==== RECORDED INFORMATION
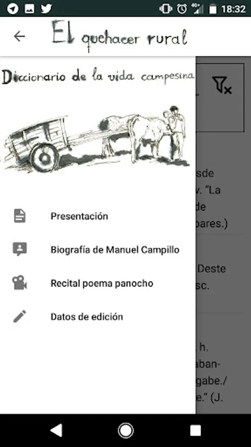 In this Dictionary, which I have given the title of rural work, I wanted to collect the words-less and less used-of that marginalized and forgotten world farm, and with them I wanted to also collect the experiences, their own and those of others many who were born in my land Murcia and other Spanish lands or overseas but inhabited by Hispanics.
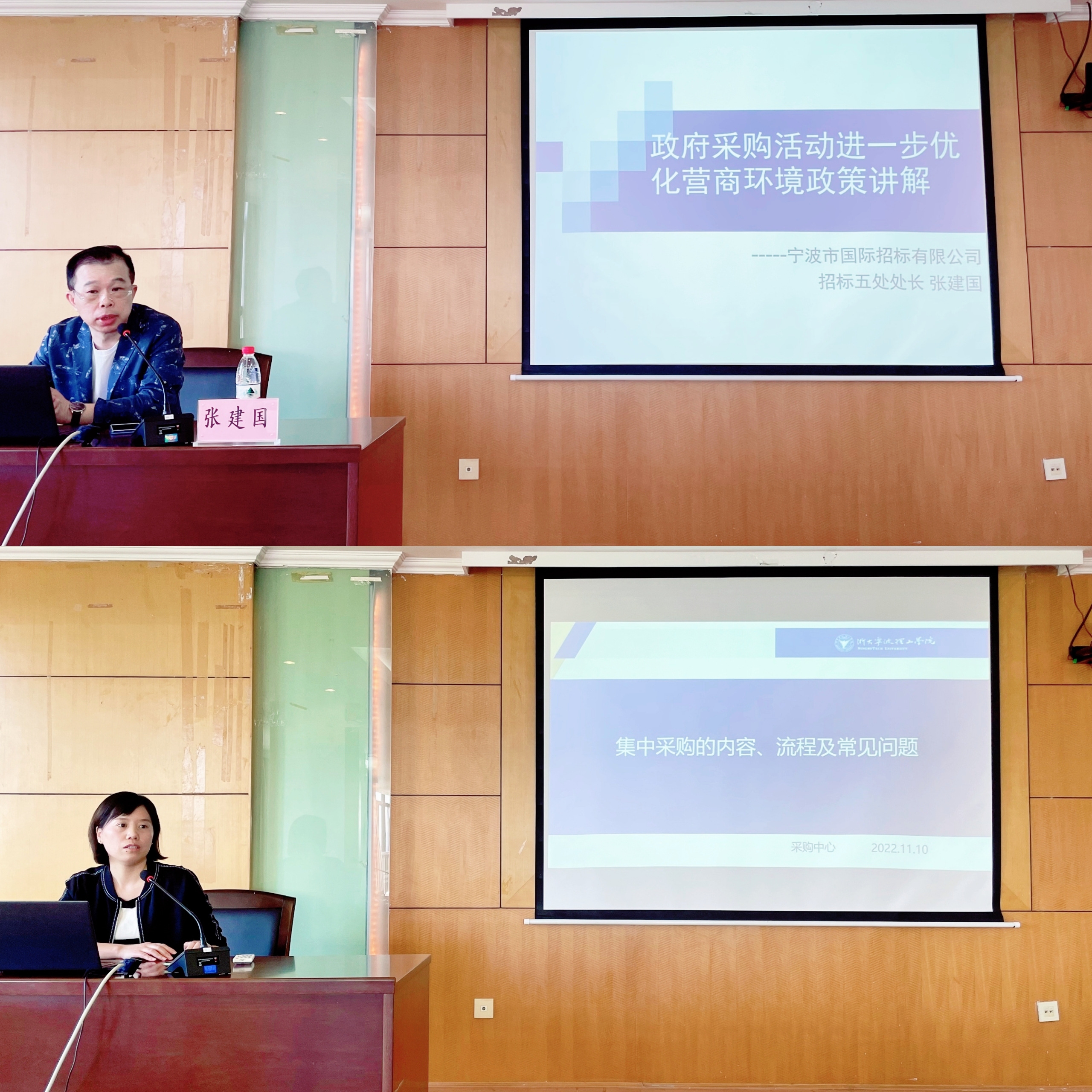 采购中心副主任陈霄峰介绍了采购中心的工作职能以及集中采购合同签订流程,丁晓老师讲解了集中采购的内容和常见问题。
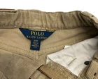 These Polo Ralph Lauren pants are a stylish addition to any toddler's wardrobe. Made from corduroy fabric in a solid tan color, they feature an adjustable waist for a comfortable fit. Perfect for various occasions such as travel, parties, or casual wear, these pants have a button closure and straight leg opening. With a classic designer theme and a touch of colorful holiday cheer, these pants are sure to keep your little one both stylish and comfortable throughout the winter, fall, or spring seasons.
========
TASK OBJECTIVE: Drop the pictures; repeat the listing above exactly.

RESULT:
 In this Dictionary, which I have given the title of rural work, I wanted to collect the words-less and less used-of that marginalized and forgotten world farm, and with them I wanted to also collect the experiences, their own and those of others many who were born in my land Murcia and other Spanish lands or overseas but inhabited by Hispanics.
 采购中心副主任陈霄峰介绍了采购中心的工作职能以及集中采购合同签订流程,丁晓老师讲解了集中采购的内容和常见问题。
 These Polo Ralph Lauren pants are a stylish addition to any toddler's wardrobe. Made from corduroy fabric in a solid tan color, they feature an adjustable waist for a comfortable fit. Perfect for various occasions such as travel, parties, or casual wear, these pants have a button closure and straight leg opening. With a classic designer theme and a touch of colorful holiday cheer, these pants are sure to keep your little one both stylish and comfortable throughout the winter, fall, or spring seasons.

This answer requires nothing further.